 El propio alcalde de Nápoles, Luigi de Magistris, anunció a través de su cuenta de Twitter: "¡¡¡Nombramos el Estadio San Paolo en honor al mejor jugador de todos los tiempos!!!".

==

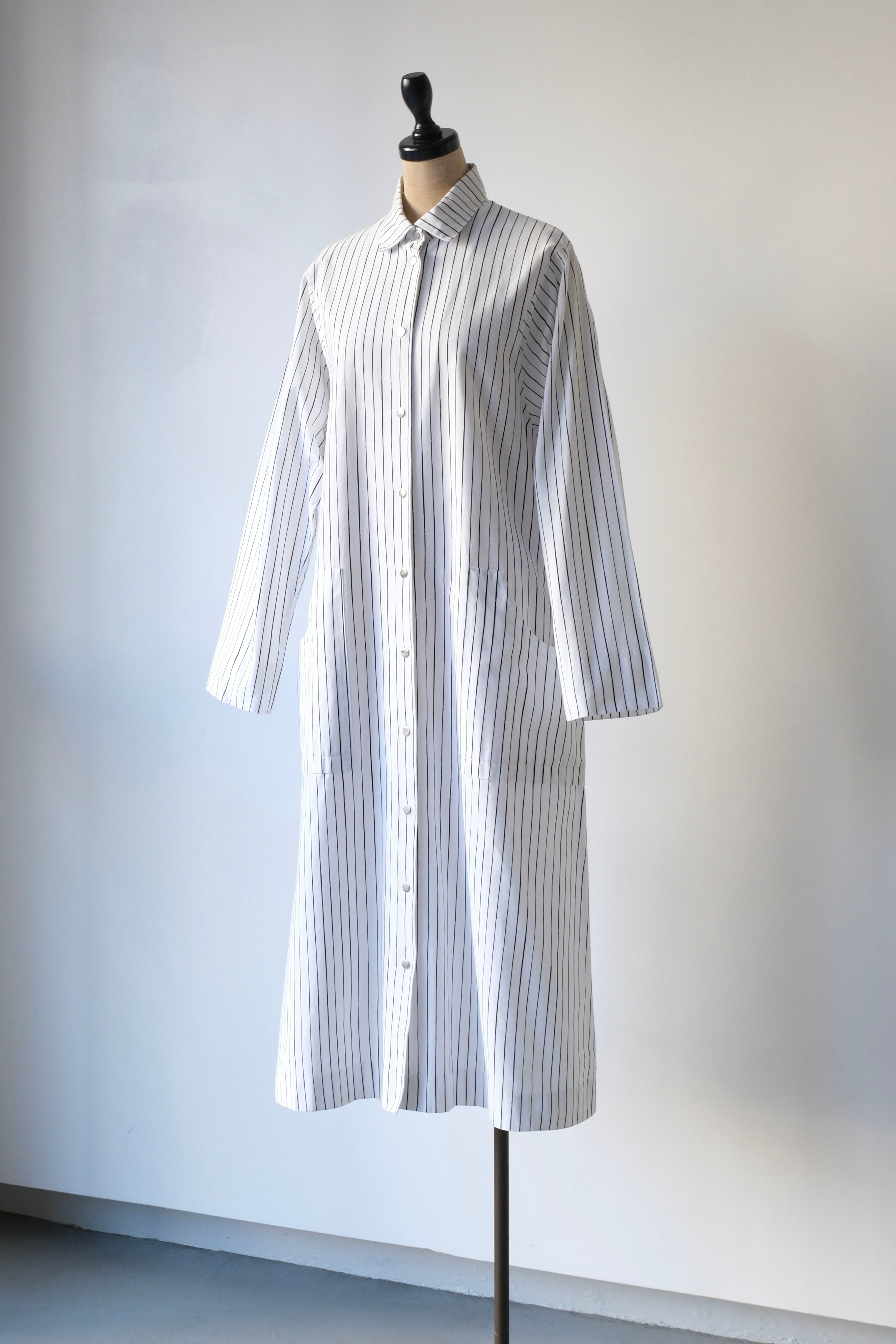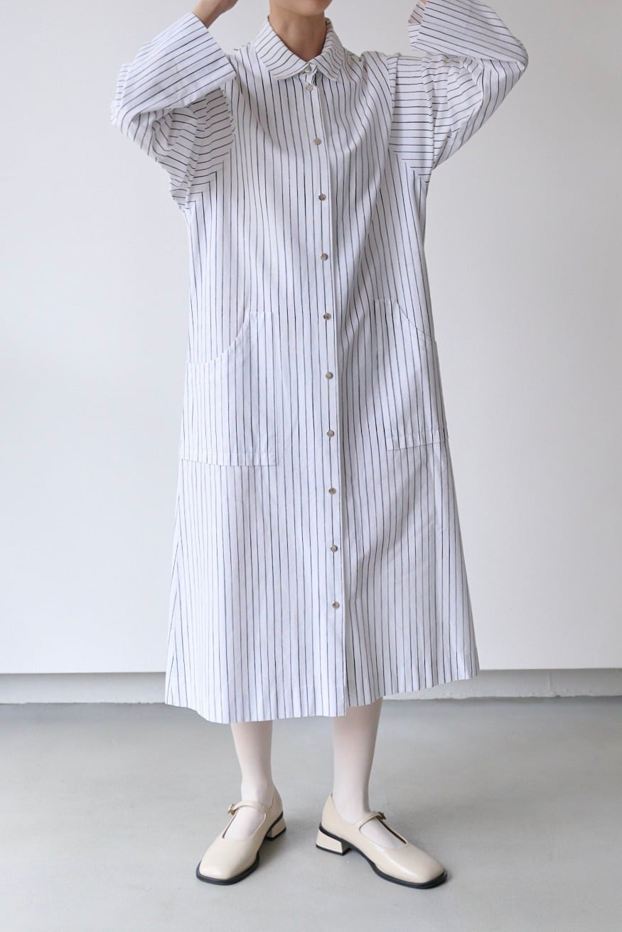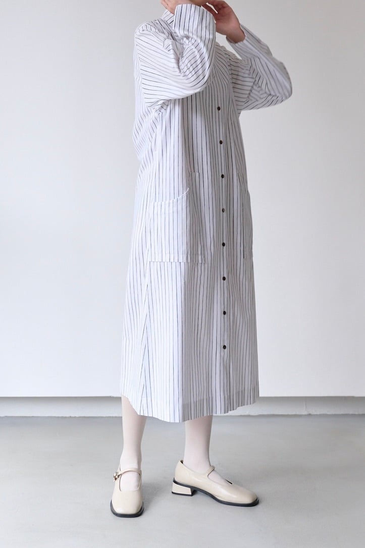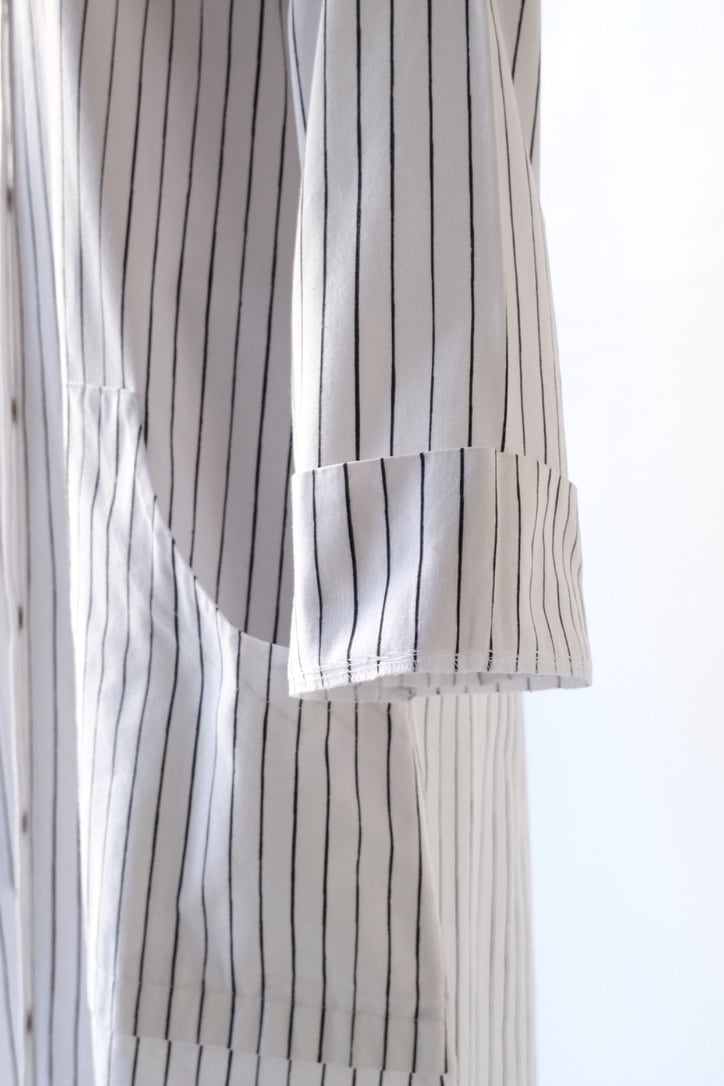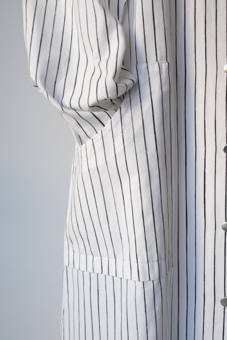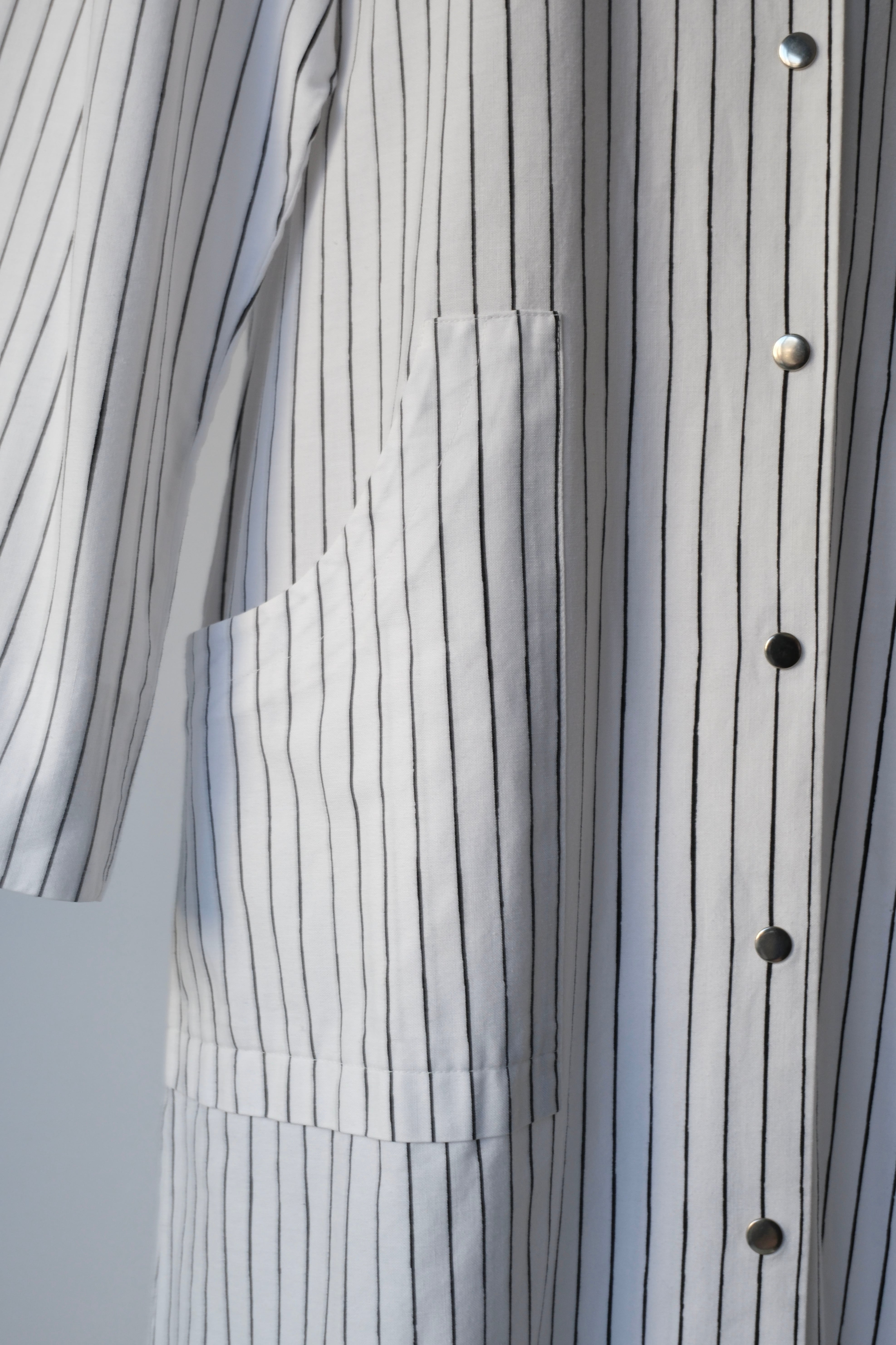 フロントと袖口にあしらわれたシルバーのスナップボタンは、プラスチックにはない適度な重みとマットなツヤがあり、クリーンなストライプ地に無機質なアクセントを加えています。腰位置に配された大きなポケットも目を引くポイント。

* * *

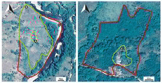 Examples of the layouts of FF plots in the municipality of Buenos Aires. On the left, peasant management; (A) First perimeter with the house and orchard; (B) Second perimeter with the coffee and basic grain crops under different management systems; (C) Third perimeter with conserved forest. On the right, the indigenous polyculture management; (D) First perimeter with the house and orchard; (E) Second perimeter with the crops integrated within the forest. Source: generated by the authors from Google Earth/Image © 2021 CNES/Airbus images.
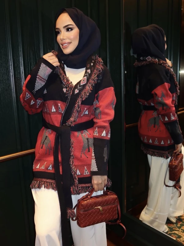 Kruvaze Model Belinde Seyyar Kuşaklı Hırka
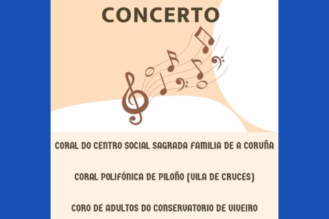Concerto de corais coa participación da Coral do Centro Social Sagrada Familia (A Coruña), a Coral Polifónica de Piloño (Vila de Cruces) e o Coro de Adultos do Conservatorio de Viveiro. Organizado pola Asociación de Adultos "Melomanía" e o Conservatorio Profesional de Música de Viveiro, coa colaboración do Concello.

Try it
Your answer should be the exact lines above from the one containing "Kruvaze Model Belinde Seyyar Kuşaklı Hırka" through the one containing "Concerto de corais", with both end lines kept and the pictures removed, please.

Exercise output
 Kruvaze Model Belinde Seyyar Kuşaklı Hırka
Concerto de corais coa participación da Coral do Centro Social Sagrada Familia (A Coruña), a Coral Polifónica de Piloño (Vila de Cruces) e o Coro de Adultos do Conservatorio de Viveiro. Organizado pola Asociación de Adultos "Melomanía" e o Conservatorio Profesional de Música de Viveiro, coa colaboración do Concello.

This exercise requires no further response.